Return to Port

I am not happy with my life.

I haven’t touched this blog in ages. It seemed wrong to put the negativity and utter loneliness that’s been weighing me down these past months into these pages and out into the world. I may touch on it later, and catch any hangers on up to speed, but safe to say I have been living a life of quiet, alarming, desperation and it has been stamping out each breath of creativity that has managed to rise to the surface.

But despite exactly how bad THINGS got, somehow I didn’t realize that I, all-caps-I, I wasn’t happy until this morning, driving home from a weekend cruise and thinking about fast food.

I didn’t sleep much on the cruise. Maybe a few hours a night Thursday through Sunday. It was something like a dance exchange for Blues, so with activities in the day and dancing at night there just wasn’t time.

Last night after the dancing stopped and everyone started going back to their cabins to pack and cram in a few hours of shuteye, I was aglow with the bliss of a perfect evening and excellent dances. I didn’t want the night to end, so when a new friend asked if I wanted to just stay up the 2-3 hours until we needed to start vacating our rooms I dragged a hoodie on over my dress and together we wandered the empty corridors of the ship.

Finally, we tucked ourselves away in a balcony booth in the empty theatre. In the warm silence, dimmed chandeliers made the heavy gold curtain on the stage twinkle softly and he read my palm.

As readings go it was vague but entertaining, and his hand on mine was warm and heavy and pleasant in the wee hours of the morning. It wasn’t the palmistry that pierced me, but the plain questions he asked of me as we continued talking.
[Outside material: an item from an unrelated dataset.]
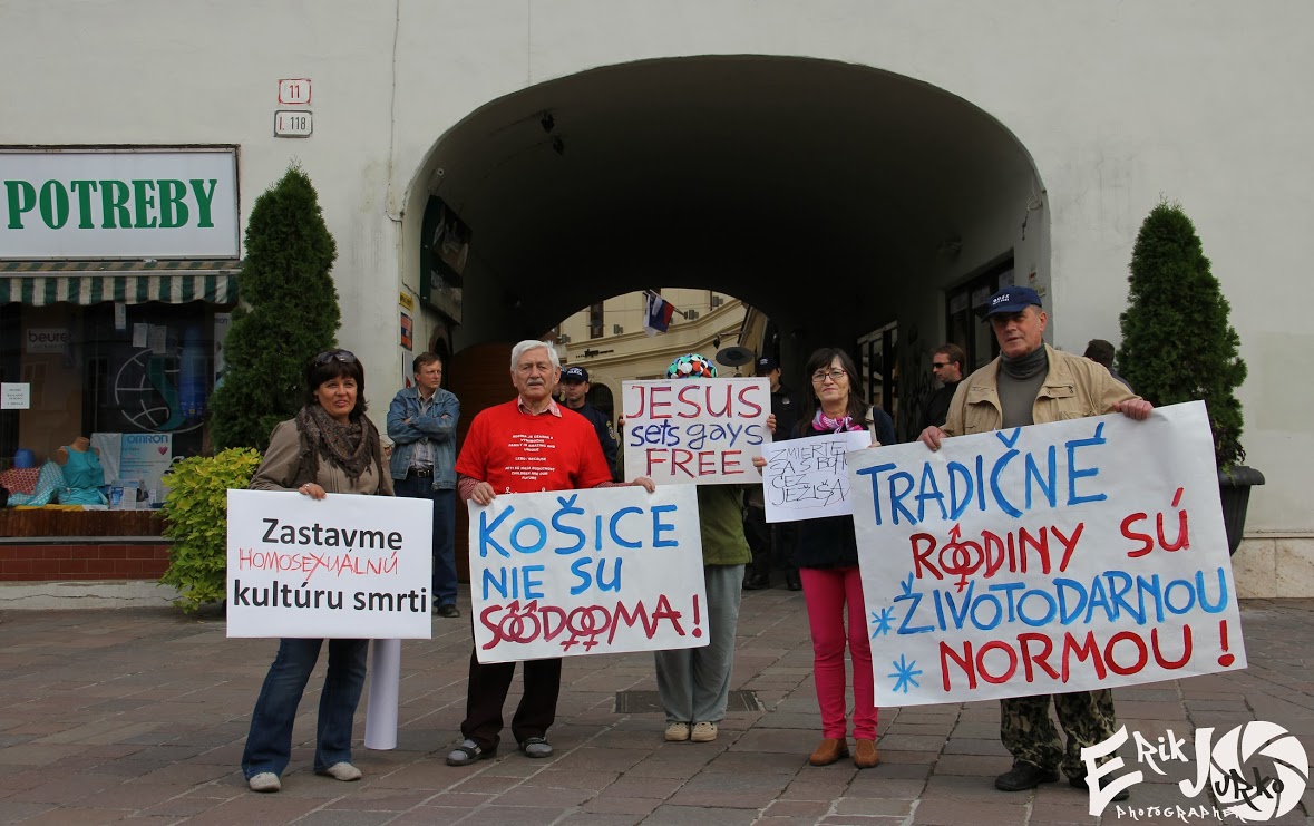 Vrátili jsme se s plakáty k teologické fakultě a volal jsem ještě jednou na rúzné evangelikální církve, ale nikdo nemél zájem. Obvolával jsem je již den před tím. Pastor jedné církve, kde chystají konferenci ohně s Kolendou mi ŕekl, že vyučuje biblickou školu... Řekl jsem mu, že by měli konferenci zahájit konfrontací jako církev ve Skutcích. Čteme-li Skutky apoštolské, tak tam byla jen jediná konference, zato tam byl nepřetržitý řetěz konfrontací. Dnes je tomu naopak. Konference ohně stíhá konferenci chvály, ale konfrontace téměř nikde. Musíme se vrátit do praxe prvních apoštolů. K nám s mojí ženou se přiidaly dvě místní sestry, z nichž jedna byla od babtistů a jeden starší aktivista FAK ( Forum angažovaných křesťanů ) z Trnavy, br. Mojmír Kovář. Bylo nás pět jako v Poláčkovi, ale měli jsme osm plakátů. Karel Poláček byl židovský spisovatel, který také skončil v holokaustu. Tři lidi nám chyběli. Půl hodiny před zahájením duhového pochodu jsem šli na to místo střetnutí u jižní brány, kde se již rojila skupina mladíků. Byli, to členové, příznivci a aktivisté ,,Lidové strany naše Slovensko,, ( dále: LSNS) a sjíždělo se dost policistů. Bylo nás pět a nesli jsme mimo jiné dvě nepřehlédnutelná hesla, že Ježíš osvobozuje, uzdravuje a dává nový život. Druhé velké heslo s nápisem: Tradičné rodiny sú životodárnou normou. Moje žena nesla anglický nápis, že Ježíš osvobozuje gaye, Mojmír nesl nápis ,, Košice nejsou Sodoma a sestry si nechaly napsat nápis: Zmierta se s Bohom skrze Ježiša. ( Viz fotky v příloze ) .Aktivistů duhového pochodu bylo zatím málo. Zpočátku asi patnáct, ale byli to spíš studenti středních a vysokých škol, neformovali se do dvojic jako v Praze. Jedna dívka měla nápis: ,,Som homosexi, nie hejterosexi.

We’d spent a good deal of the day together in a group, wandering the streets of Ensenada. I’d never been out of the country and the day couldn’t have been better. He led us away from the tourist traps and into a restaurant where weathered working men stood at the counter for a quick comida on their midday break. He brought us into a shop where the owners recognized him from years past and poured us samples of a more fantastic variety of tequila than you could imagine. We sat in a closet of a dive bar, discussed and sampled sweet bread from vendors in the street and wandered in to giggle at “SEX BOUTIQUE” like the adults we are. We had a good amount of information on each other but other than a few minutes alone at breakfast the morning before, and a chain of exquisitely slow and close and intricate dances at the end of the night, we hadn’t spent much time one on one.
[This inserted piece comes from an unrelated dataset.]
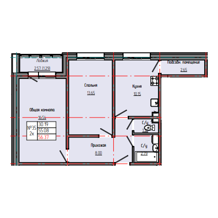 2-комн. 53,94 м² ・ № 35 ・ этаж 1/4 ・ ЗВЕЗДНЫЙ С3Б

He asked “If work goes wherever you go, why don’t you travel?”

I couldn’t answer. It hadn’t occurred to me to just up and do something like that. I’ll work from a friend’s house so I can hang out with them, but hadn’t thought to go to any of the places I want to visit.
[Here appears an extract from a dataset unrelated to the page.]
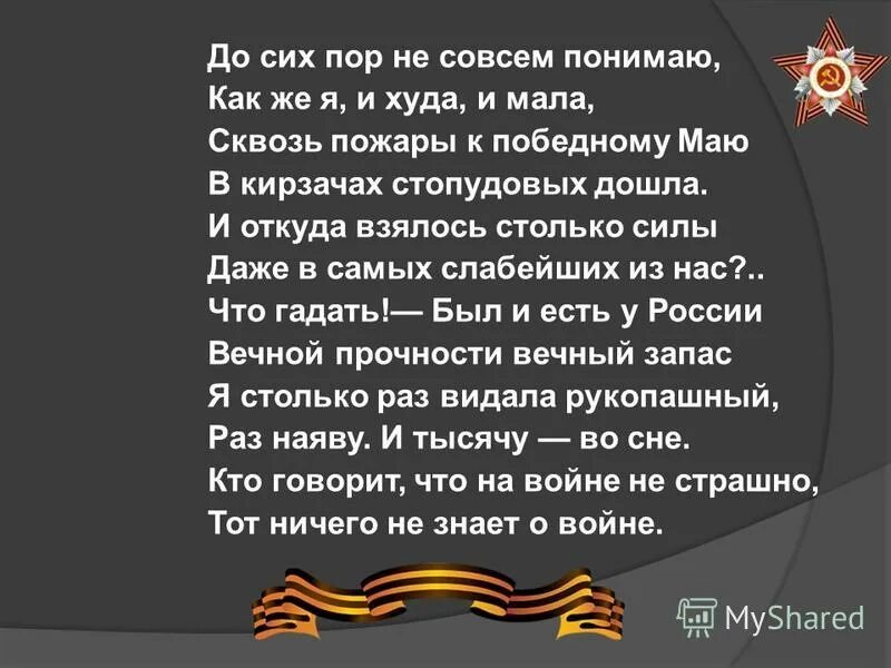 Друнина до сих пор не совсем понимаю как же я и худа и мала.

He asked what my goals are for my dancing and again, I had to give serious thought.

Driving home once we got into port I turned off the radio and drove home rolling over the trip. It was light and happy. I felt good, more pondering than dwelling.

I hadn’t slept and my vision was getting a bit fuzzy as I drove. I was also hungry, since I’d only picked at my breakfast between a growing hangover and preferring to doze in a booth with about six other dancers in something of a “cuddle puddle”.

Traffic was bad and I started considering the onramps coming up to grab something to eat. After 3-4 days of just going, grabbing and eating quality food, perfectly ripe fruit, and piping hot coffee, nothing sounded good. All my go-tos also happen to be “mexican food” chains and after the handmade tortillas, rich organ meat, sweet molé, and the cold, sugary cola of Ensenada, there was no way a “classic Del Taco” was going to pass my lips. I passed exit after exit and didn’t pull off. I thought of getting sushi (always my favorite) and couldn’t bring myself to.

The magic had rubbed off of the edges. The trip had been everything I’d hoped for and more. I was so caught up in what I was doing and seeing and tasting and feeling that I only took about 60 photos all told.

I think it was in trying to console myself or find something to look forward to that I had the realization: I am not happy with my life.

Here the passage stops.